When what looked like a losing battle with cancer forced Monica Coyle to step away from her career as a midwife in 1995, the Greencastle woman was not sure how the future would pan out.
Up until that point, Monica’s life had been dominated and fulfilled by family and work; now all of that was threatened.
However, despite the terminal decline that she watched many of her fellow cancer patients take, her own worst fears never came to pass.
After a few hard years of illness, treatment and other health difficulties, she recovered from the sickness that forced her into retirement – only to find an abundance of free time waiting for her on the other side.
“I had all these hours and I hadn’t a clue what do with them,” said Monica, whose fresh face and bright disposition belies the fact that her 80th birthday milestone lies right around the corner.
“The question was obvious but important: How should I spend all my new time?”
Monica was to find her answer in the act of volunteering.
In fact, when we spoke with the 78-year-old last week, she had just been presented with a bunch of flowers to mark 25 years of virtually uninterrupted service to Omagh Volunteer Centre (OVC), an organisation which she helped establish at the turn of the millennium.
Sacrificed
Surrounded by people who ardently admire her, Monica was called on stage at the Silverbirch Hotel, Omagh. After she had accepted her award and descended the steps of the makeshift stage, we got a chat with Monica to find out why she has sacrificed so much of her life to helping others.
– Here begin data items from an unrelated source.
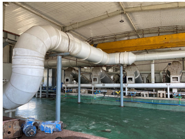
Photo: Sewage treatment at a municipal wastewater treatment plant in Accra.

The two sites that were visited were of British and Chinese technology, with British and Chinese
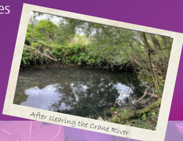
After clearing the Crane River
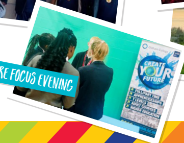
KS4 FUTURE FOCUS EVENING
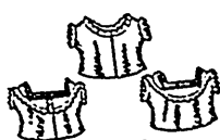
Infants' Shirts. One size: Price, 5d. or 10 cents.
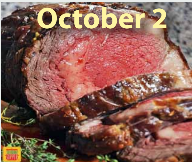
Prime rib, au jus, choice of potato, roasted seasonal vegetables and salad for $24.
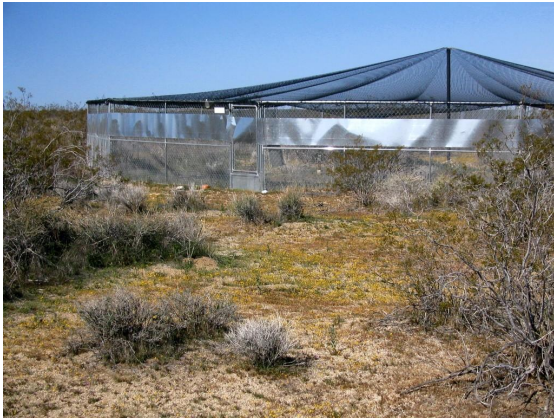
FIGURE 1. Photograph of one of three enclosures at the head-start facility for Desert Tortoises ( Gopherus agassizii ) at Edwards Air Force Base, California, USA.

Egg procurement. —We fitted wild adult female tortoises living near the head-start facility with radio transmitters (model AI-2, Holohil Systems Ltd., Carp, Ontario, Canada) and we radio-located them periodically using Lotek receivers (Newmarket, Ontario, Canada). Females used as egg donors were clinically healthy upon field examination and were confirmed to be sero-negative for Mycoplasma agassizii antibodies by ELISA tests done on blood samples by Dr. Mary Brown at the University of Florida. When field x-rays (MinXray portable veterinary model HF 8015, Northbrook, Illinois, USA) indicated that females contained eggs at mature stages, we moved females into pens to lay their eggs in prepared burrows, after which we returned females to their home burrows and released them. Egg laying events were indicated by characteristic behaviors and substantial weight losses by females, and confirmed by x-rays. We used most females as egg donors for several years. We surrounded some nests by low plastic fencing where necessary to be sure about the identity of the mother of the emergent hatchlings.
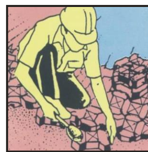
Lay and Interlock Paver Blocks
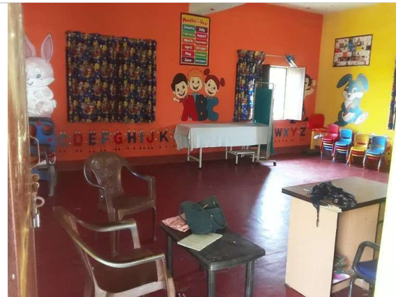
Model Anganwadi Centre in Tandwa looks impressive. But there is no water and electricity connection pointing to inter department coordination and provision of essentials like water and sanitation
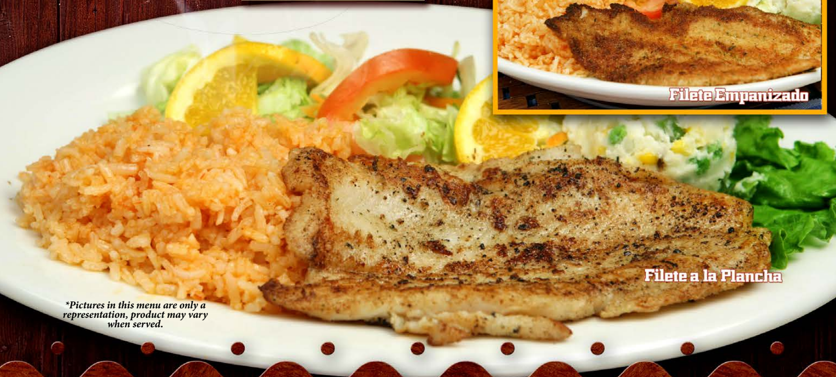
Filete a la Plancha

*Pictures in this menu are only a representation, product may vary when served.
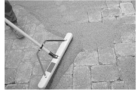
Figure 5. Joint sand can be pre-mixed and delivered to the site (typically in bags), or mixed with stabilizer at the site, then swept into the joints, compacted for consolidation in them to create interlock, and wetted to activate the stabilizer.

ment as a result of silts or other fines working their way into spaces between the sand particles. The rate of stabilization depends on the amount and sources of traffic, plus sources of fines that work their way into the joints from traffic over time.
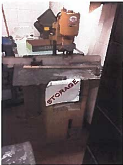
Book Hole Drill
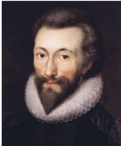
John Donne , portrait after Isaac Oliver (possibly late 17th century, based on a work of 1616). 11
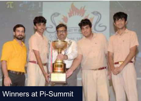
Winners at Pi-Summit
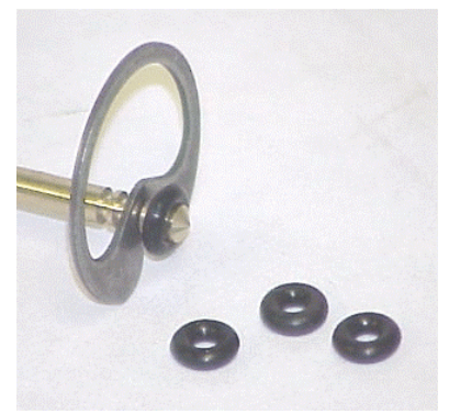
Figure #7 – Pay particular attention to the relationship between the tuning pin and the e-clip. These two parts will rotate and wear from vibration. The small o-ring shown here provides enough interference to stop this wear.

After a thorough inspection, reassemble the top of the Carb paying close attention that the e-clip is below the spring cup. Yes, it fits nicely inside the spring cup but this will cause an over rich mid-range. Years ago I had a guy call me from Ireland complaining that his buddies had worked on his carburetors and now his fuel consumption was nearly doubled. After listening to his heavy Irish accent for a while, I suggested he inspect his carburetors to see if the e-clip was on top the spring cup. A few days later he phoned to say everything was back to normal and that his buddies weren't going to get near his plane anymore.
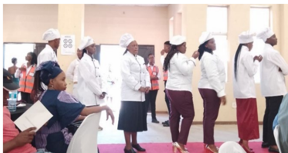
Catering students on graduation day
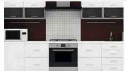
Consumer products: front trims
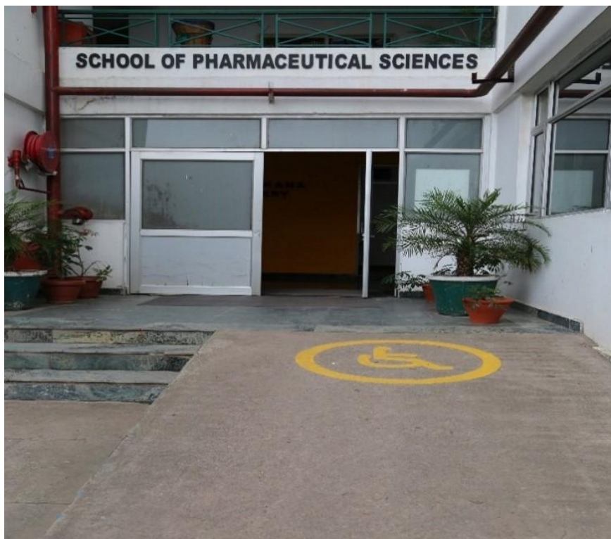
Pathway to Pharmacy Block
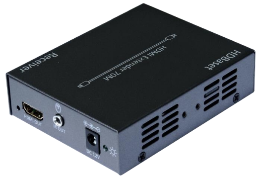
The receiver B
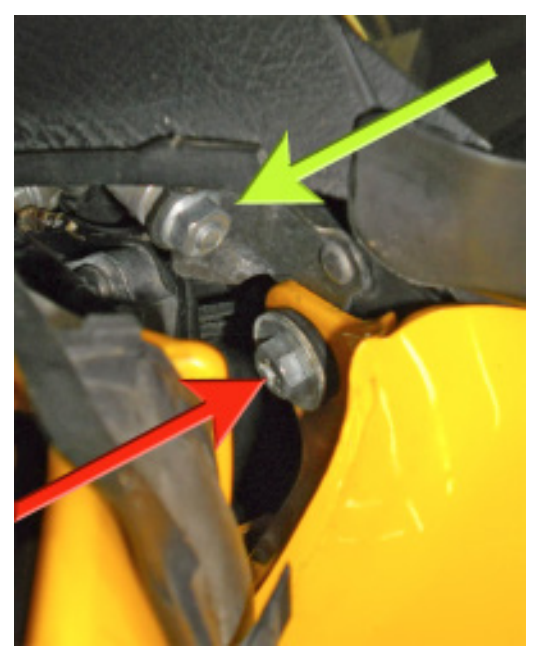
Windshield Garnish Bolt, Washer, Grommet (Red) and Windshield Clamp Nut (Green).

them toward each other and retighten. If further tightening is needed, follow the same procedure moving the top of the rails toward each other.

“The start of it was when I joined Greencastle Community Association, which then led to to the Omagh Forum,” she explained. “It then put me on the path towards what became Omagh Volunteer Centre.
“It wasn’t that I thought surviving the cancer was a second chance at life or anything like that; it was just always in my nature to be kind. And I found that the volunteering suited me well.”
At the start, Monica said she and her colleagues were ‘naive, but willing’.
“We hardly had a clue what we were at, but we knew we wanted to help people. I remember we were given a few thousand pounds to try to get things going and there was hardly a bank in the town that would take us on, you know.
“Eventually we got somewhere and we tried to steady the ship from there, but, until recently, there have been plenty of ups and downs. At one time we had a bad leak that nearly put us under, but we managed to get it sorted,” laughed Monica.
The 78-year-old, who almost lost her life to heart condition, ‘broken heart syndrome’, at Christmas, recalled how she and her friends started out with Omagh Volunteer Centre.
“The first thing we did when we got going was ring around local people, sort of on behalf of the local GPs. They would tell us who to keep an eye on, and we would call and see if they were okay, check if they needed anything.
“As well as that, I used to go and visit people who were not well, just to give their families a chance to go to the shop or head out for a walk.
“It was almost always grand, but sometimes you would almost laugh when you got out the door.”
To this day, Monica still goes and visits some ‘older people’.
“There are quite a few that I will still call out to, you know, just for a chat and a bit of company.
“I have seen how much good a chat can do in my time doing this.”
However, while she still finds volunteering an enriching force in her life, she is glad that she is no longer as responsible for the operational management of Omagh Volunteer Centre.
“The girls in charge now are just brilliant and they know exactly what they are at. You never have to worry, which frees me up to basically just do whatever I can be bothered with,” Monica laughed again.
“Seriously, though, doing something for nothing is so good for you. Volunteering can teach you things about yourself you never knew, reveal your true potential, build your confidence, increase your capacity, and, for some people, help them find employment.
“It’s one of the best things I have ever done and I am so proud to have done my bit to get Omagh Volunteer Centre to where it is today.”